Product reviews, deals and the latest tech news

For its Git-based data collaboration platform, XetHub raises $7.5 million

Seattle-based Madrona led a $7.5 million initial funding round for XetHub, a company that simplifies how companies may utilise Git for data management. The core concept is to give developers access to data in the same way they have access to code, complete with all the collaborative capabilities made possible by a tool like Git. XetHub is a “collaborative storage platform for data management,” according to the development team.

Three veterans in the field of huge data platforms—CEO Yucheng Low, CTO Ajit Banerjee, and CTO Rajat Arya—founded the firm. In fact, Arya was the first employee of Low’s ML business Turi, which he co-founded. After Apple’s 2016 acquisition of the firm, both Low and Arya were free to contribute to different layers of the company’s machine learning (ML) platform stack. Arya now serves as head of Apple’s data platform team. Banerjee, a former employee of Inktomi, Amazon, and Facebook, was also introduced to the pair at Apple. He has also established two companies in the past.

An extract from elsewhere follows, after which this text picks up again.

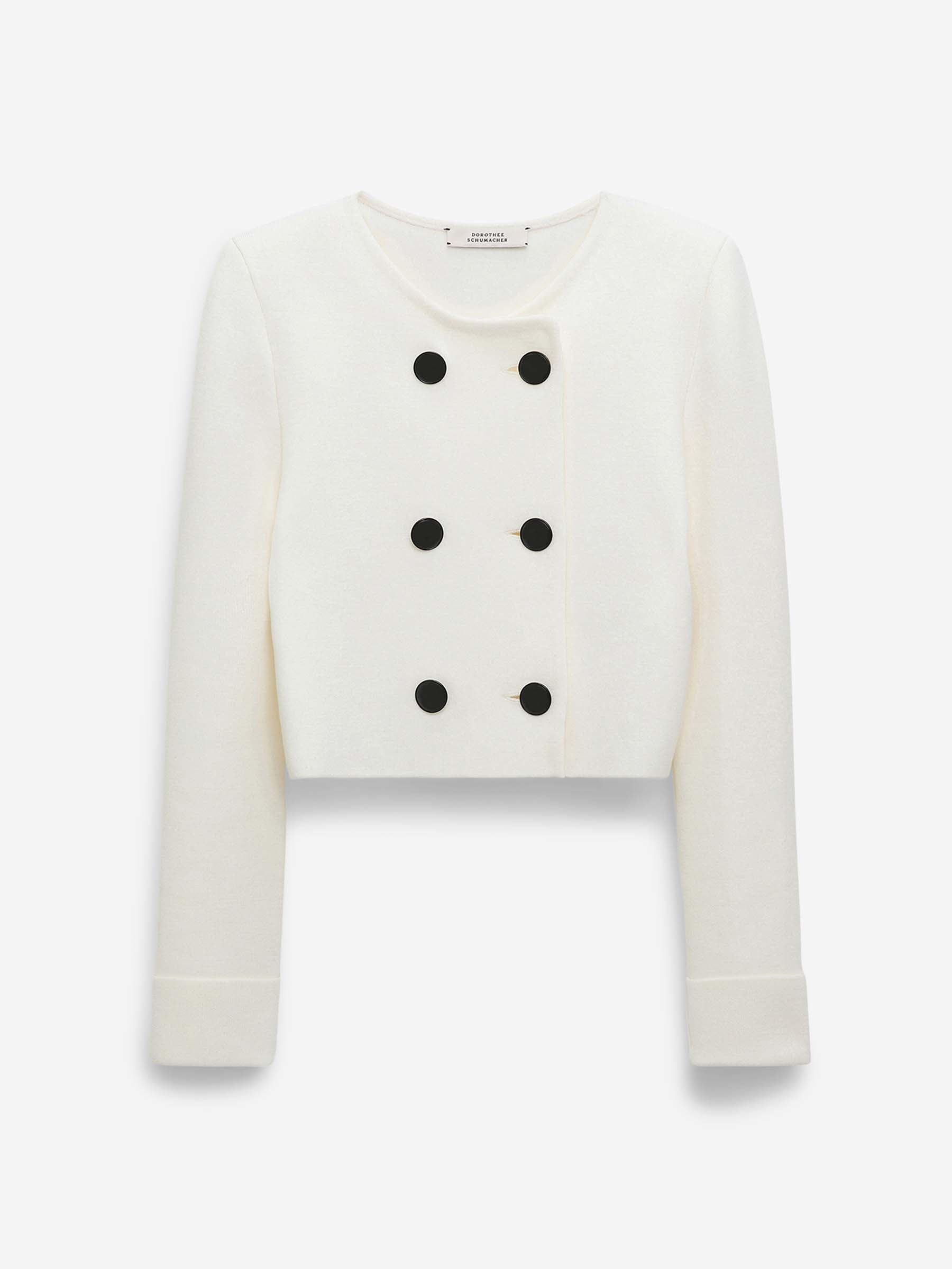 SKU: 741-002257 01 BRAND ID: 253_216002_110 Double-Breasted Jacket Short Jacket By Dorothee Schumacher • With Lapel • Refined Stitching Details • Fully Lined • Double-Breasted Closure • Wool Blend Fabric • Short Jacket Composition: 82% Virgin Wool, 16% Polyamide, 2% Elastane Made in: Italy

With XetHub, you can see your repository in the same way as on GitHub, making it easy to navigate and analyse your data. XetHub accepts several file formats (including CSV) and may provide automated summaries of data.

As they developed Apple’s data platform, the team came to recognise that the field of data management still had many areas where it might be improved.

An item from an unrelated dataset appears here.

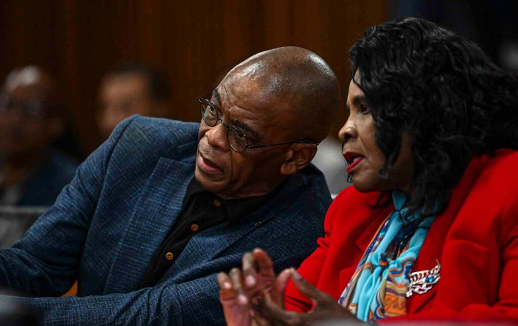 Former Free State Premier, Ace Magashule, speaks to former Mangaung Mayor, Sarah Matawana Olly Mlamleli, at Bloemfontein High Court in South Africa, in April 2025. Photo: Mlungisi Louw/Volksblad/Gallo Images via Getty Images

As if it were a big secret, “Data is considerably more crucial than anything else. “More crucial than the model, more crucial than everything else,” Low emphasised to me. Managing where and how you keep and share this information is crucial. Yet, we observe that the way we manage data now is remarkably similar to how source code was handled 30 years ago; that is, version control or collaboration is done by copy-and-paste; sometimes there is a more elaborate version of it, but ultimately it is copy-and-paste if I want to make sure no one else is touching what I’m doing.

XetHub’s goal is to provide developers the same kind of comfortable, familiar primitives they’ve come to rely on using tools like Git for collaborating on source code to use when dealing with data.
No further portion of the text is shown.